Shown in Fig. 6 are the dose-response results for MRX-8 and PMB in the murine pneumonia model against a single strain each of E. coli and P. aeruginosa. In each study, the organisms exhibited similar growth in untreated control animals with >3-log10 growth. MRX-8 had much more activity against these two isolates, yielding almost 2-log kill after 24 h, whereas PMB failed to achieve net stasis (P < 0.001). It should be noted that the dosing was designed to achieve plasma free-drug AUCs that were equivalent between the drugs (31.5 mg · h/liter), and therefore, the fAUC/MIC ratios associated with these doses were ∼15 for both organisms in the PMB study and ∼15 for the P. aeruginosa strain and ∼60 for the E. coli strain in the MRX-8 study.
FIG 6.
MRX-8 and PMB against E. coli ATCC 25922 (top) and P. aeruginosa 3076 (bottom) in the neutropenic mouse pneumonia model. Groups of 3 mice were infected with the select organism and treated for 24 h with MRX-8 at 35 mg/kg/12 h or PMB at 25 mg/kg/12 h by the subcutaneous route. The dashed horizontal line is the initial burden. Blue vertical bars represent growth in the untreated control. The difference at 24 h between MRX-8- and PMB-treated mice was statistically significant (*, P < 0.001 by Student’s t test).
DISCUSSION
MRX-8 is a novel polymyxin antibiotic designed to treat multidrug-resistant Gram-negative bacterial infections, including Escherichia coli, Pseudomonas aeruginosa, Klebsiella pneumoniae, and Acinetobacter baumannii. MRX-8 was developed using a “soft drug design,” which represents a new approach aimed at designing safer drugs with an increased therapeutic index by integrating metabolism and detoxification factors into the drug design process (6). Specifically, MRX-8 contains a fatty acyl tail attached via an ester bond, which allows for deesterification to a less toxic metabolite (7).

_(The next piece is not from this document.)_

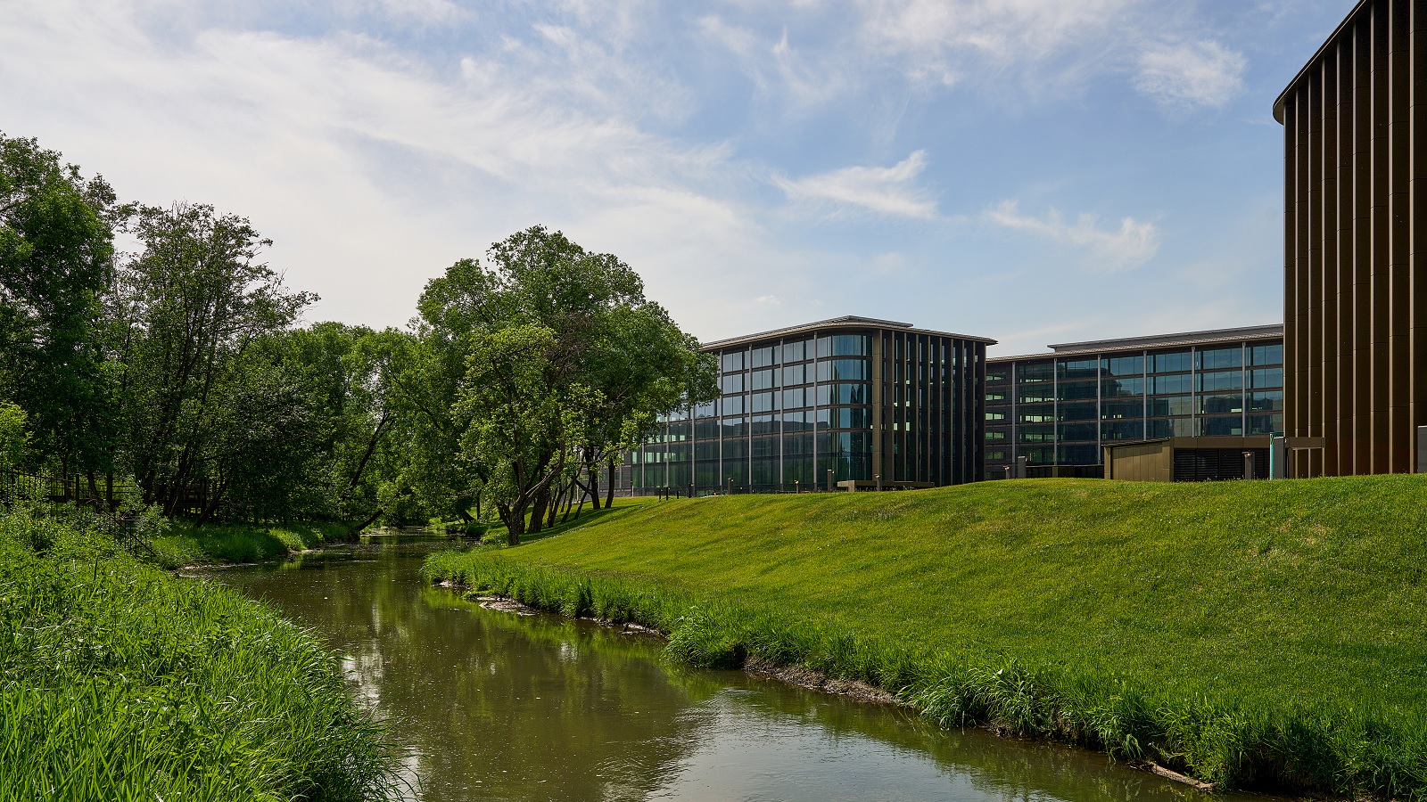 The «Skolkovo Park» Business district — a large-scale project in the west of Moscow of a class «A» business park on an area of more than 10 hectares, including office buildings, event spaces, shopping galleries, parking, a landscaped area with a cascade of ponds. The concept of the project is «business lives here», which implies a modern well-thought-out infrastructure for life, work, recreation and personal growth.

Our study examines MRX-8 efficacy in vivo to determine the pharmacodynamic properties of this novel agent. We demonstrated that both the AUC/MIC and Cmax/MIC ratios were robust PD indices predicting MRX-8 efficacy. This aligns well with previous in vitro and in vivo studies of the polymyxin class demonstrating concentration-dependent killing with relatively quick regrowth once drug concentrations fall below the MIC (8–14). This pattern of activity explains why, in studies that have utilized a dose fractionation design, both AUC/MIC and Cmax/MIC PK/PD indices are strongly associated with efficacy. The magnitude of MRX-8 PK/PD exposure for a therapeutic effect is also similar to the results of previous work within the polymyxin class. In previous studies, against select Gram-negative isolates, the fAUC/MIC ratio associated with net stasis in the mouse thigh model was 5 to 17 (9–11, 13). These PK/PD target exposures correlate well with results from the present study, in which most strains studied had stasis target exposures in this range. However, it is likely that protein binding determination and biological variability between species and strains explain some of the small differences in PK/PD target exposures between studies.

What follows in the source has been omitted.